[Records for this task Boundary: Start]
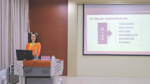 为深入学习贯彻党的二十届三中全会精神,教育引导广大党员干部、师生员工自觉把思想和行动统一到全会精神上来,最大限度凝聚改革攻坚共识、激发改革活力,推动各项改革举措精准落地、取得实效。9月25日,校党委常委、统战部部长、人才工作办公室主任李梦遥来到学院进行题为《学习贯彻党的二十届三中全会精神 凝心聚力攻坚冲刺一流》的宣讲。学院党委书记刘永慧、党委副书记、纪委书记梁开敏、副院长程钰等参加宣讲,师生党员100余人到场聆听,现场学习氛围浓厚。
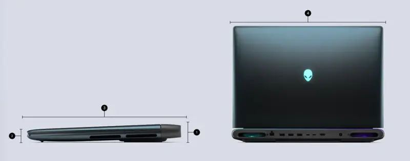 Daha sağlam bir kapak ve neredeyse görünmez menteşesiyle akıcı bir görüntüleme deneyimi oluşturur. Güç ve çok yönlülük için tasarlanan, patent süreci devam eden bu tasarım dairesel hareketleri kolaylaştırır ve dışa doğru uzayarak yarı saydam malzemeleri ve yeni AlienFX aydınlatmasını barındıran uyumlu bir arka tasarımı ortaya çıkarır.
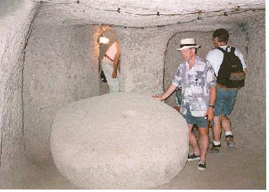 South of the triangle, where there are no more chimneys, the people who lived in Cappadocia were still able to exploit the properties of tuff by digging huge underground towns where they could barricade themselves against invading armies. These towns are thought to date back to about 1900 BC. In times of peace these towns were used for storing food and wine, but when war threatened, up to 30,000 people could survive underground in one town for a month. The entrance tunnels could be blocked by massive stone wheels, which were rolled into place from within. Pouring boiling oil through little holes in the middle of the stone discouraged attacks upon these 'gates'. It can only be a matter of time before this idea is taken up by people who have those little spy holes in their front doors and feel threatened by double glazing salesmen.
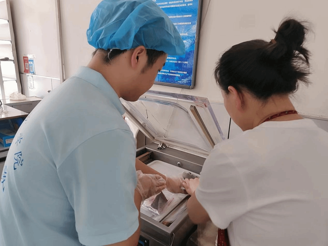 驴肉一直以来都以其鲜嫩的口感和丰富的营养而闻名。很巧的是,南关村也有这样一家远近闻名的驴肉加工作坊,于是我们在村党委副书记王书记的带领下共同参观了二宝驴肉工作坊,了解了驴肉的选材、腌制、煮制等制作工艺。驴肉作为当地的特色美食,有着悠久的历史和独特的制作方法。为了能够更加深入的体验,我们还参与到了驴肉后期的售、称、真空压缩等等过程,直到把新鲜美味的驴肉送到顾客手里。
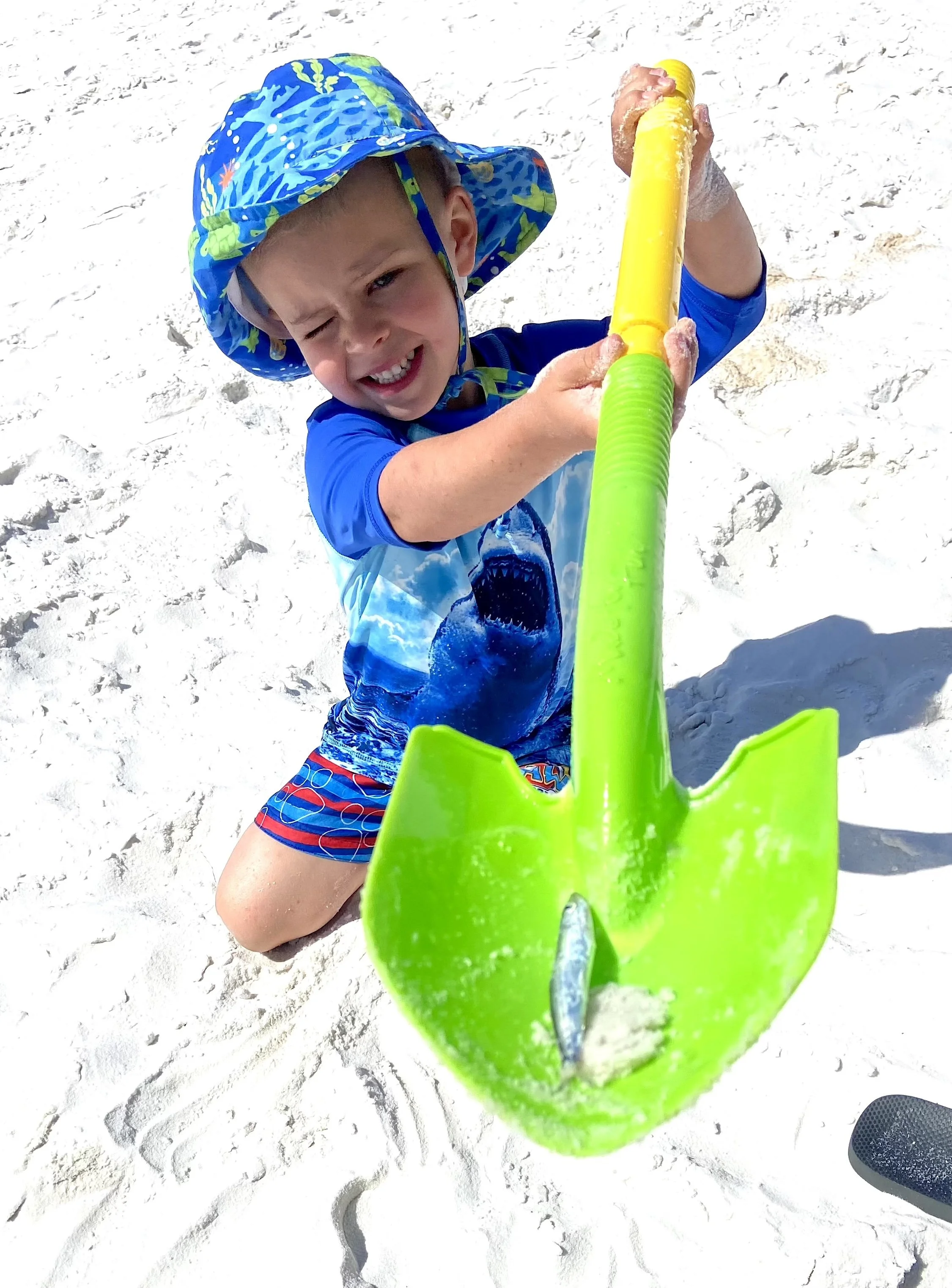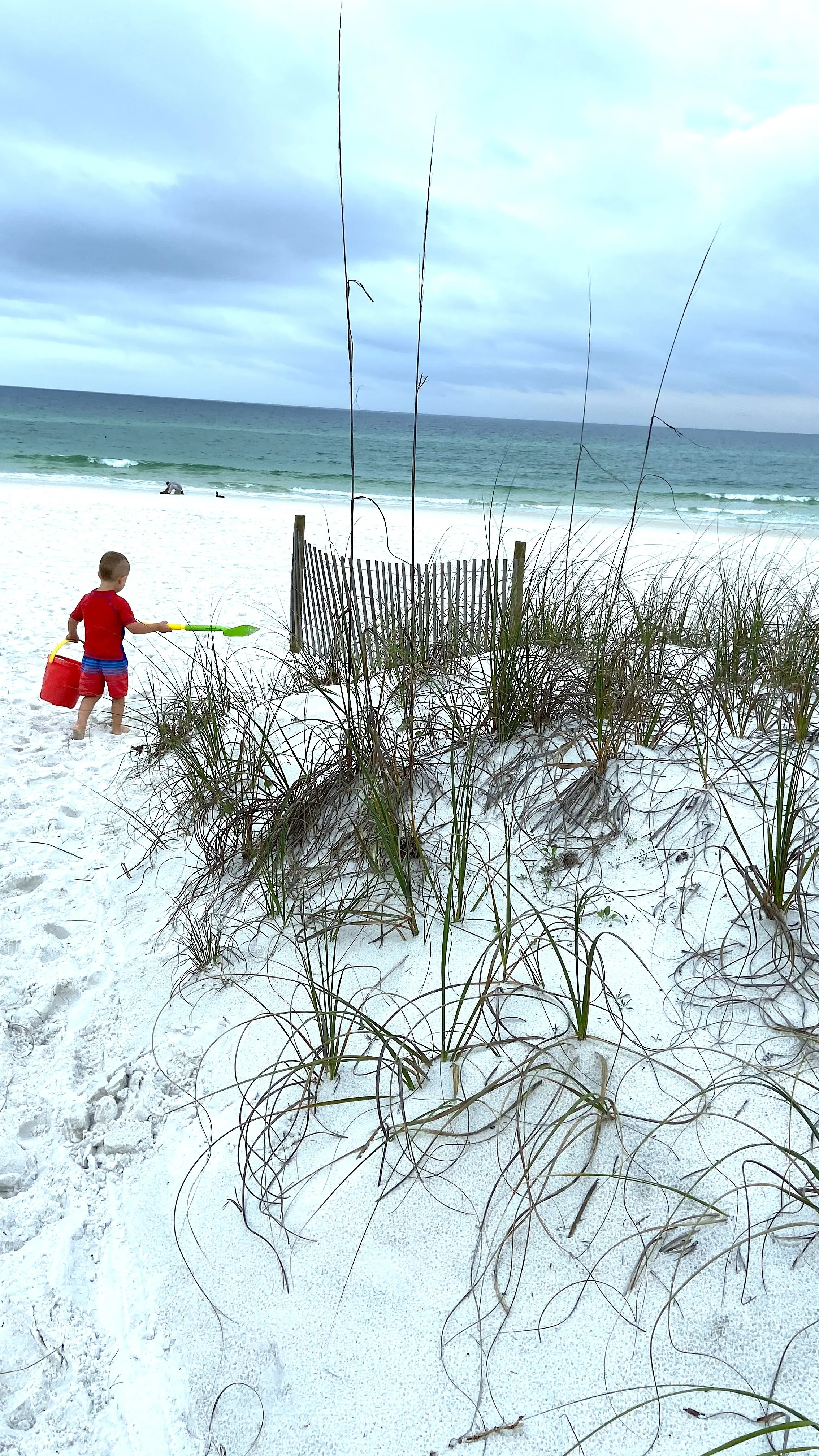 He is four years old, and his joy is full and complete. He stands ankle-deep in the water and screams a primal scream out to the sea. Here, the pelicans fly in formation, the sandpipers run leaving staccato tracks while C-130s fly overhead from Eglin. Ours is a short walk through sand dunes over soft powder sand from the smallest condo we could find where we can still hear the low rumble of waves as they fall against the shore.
[Records for this task Boundary: End]
[Records for this task Boundary: Start]
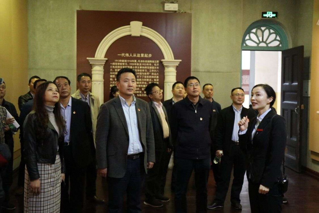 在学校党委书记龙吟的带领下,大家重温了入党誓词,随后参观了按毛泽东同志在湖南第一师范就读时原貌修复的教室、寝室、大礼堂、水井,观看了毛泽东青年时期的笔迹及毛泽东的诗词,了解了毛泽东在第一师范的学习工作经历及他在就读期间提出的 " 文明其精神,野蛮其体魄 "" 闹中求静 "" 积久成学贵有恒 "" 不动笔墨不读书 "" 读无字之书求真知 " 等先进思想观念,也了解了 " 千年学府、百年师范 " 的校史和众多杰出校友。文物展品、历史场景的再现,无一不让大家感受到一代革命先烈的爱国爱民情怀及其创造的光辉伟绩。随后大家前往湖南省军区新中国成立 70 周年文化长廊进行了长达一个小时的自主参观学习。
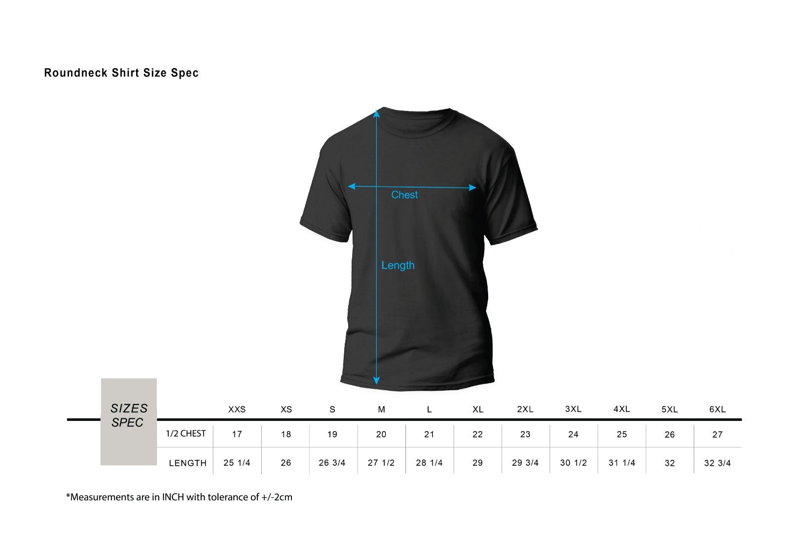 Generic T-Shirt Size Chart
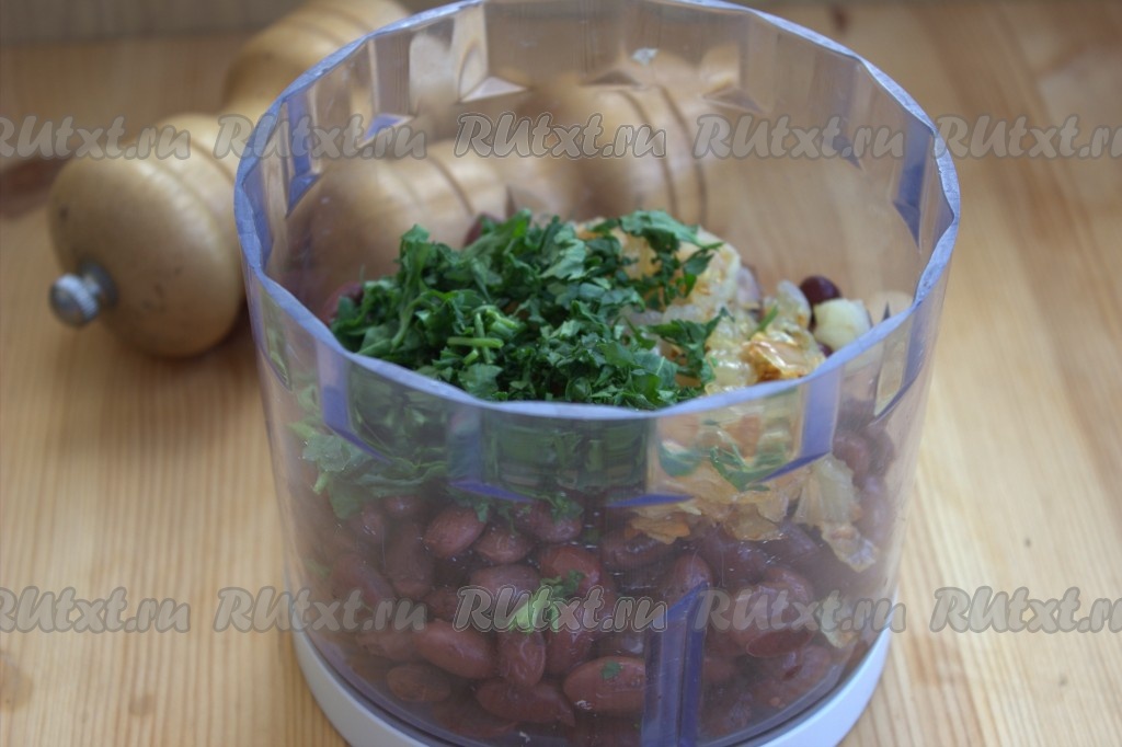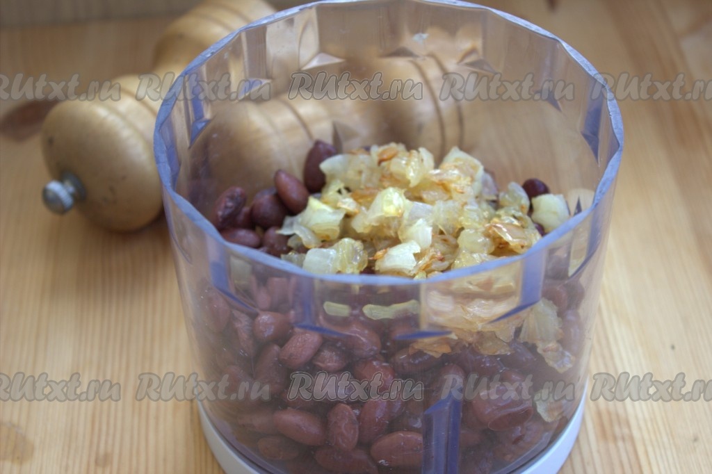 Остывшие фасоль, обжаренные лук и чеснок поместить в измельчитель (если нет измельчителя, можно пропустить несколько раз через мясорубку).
[Records for this task Boundary: End]
[Records for this task Boundary: Start]
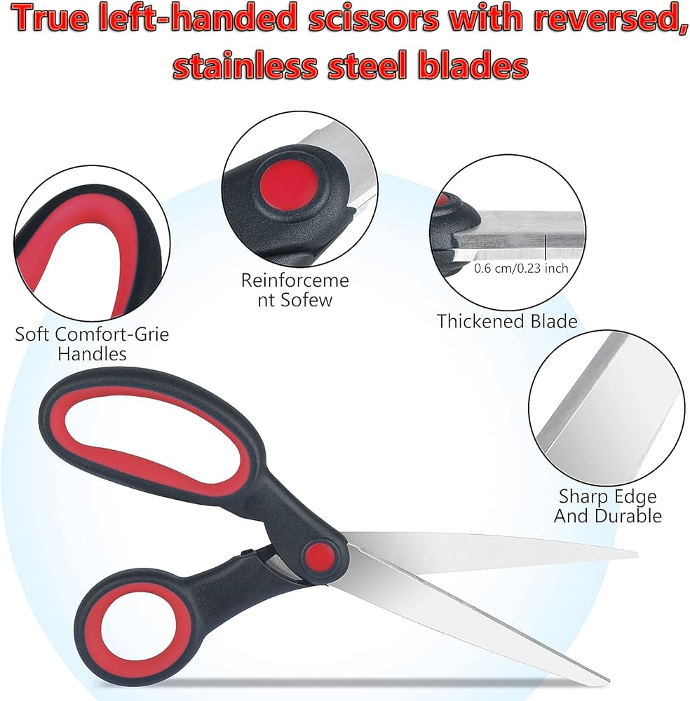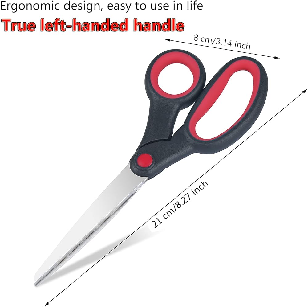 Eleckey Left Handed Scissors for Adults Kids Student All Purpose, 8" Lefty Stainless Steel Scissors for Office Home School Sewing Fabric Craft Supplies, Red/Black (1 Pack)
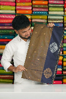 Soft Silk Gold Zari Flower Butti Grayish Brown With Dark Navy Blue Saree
[Records for this task Boundary: End]
# [What is being asked]
Once the line with "驴肉一直以来都以其鲜嫩的口感" is found above, print it and every line after it through the line with "He is four years", exactly. Pictures stay out.

# [The completed task]
 驴肉一直以来都以其鲜嫩的口感和丰富的营养而闻名。很巧的是,南关村也有这样一家远近闻名的驴肉加工作坊,于是我们在村党委副书记王书记的带领下共同参观了二宝驴肉工作坊,了解了驴肉的选材、腌制、煮制等制作工艺。驴肉作为当地的特色美食,有着悠久的历史和独特的制作方法。为了能够更加深入的体验,我们还参与到了驴肉后期的售、称、真空压缩等等过程,直到把新鲜美味的驴肉送到顾客手里。
 He is four years old, and his joy is full and complete. He stands ankle-deep in the water and screams a primal scream out to the sea. Here, the pelicans fly in formation, the sandpipers run leaving staccato tracks while C-130s fly overhead from Eglin. Ours is a short walk through sand dunes over soft powder sand from the smallest condo we could find where we can still hear the low rumble of waves as they fall against the shore.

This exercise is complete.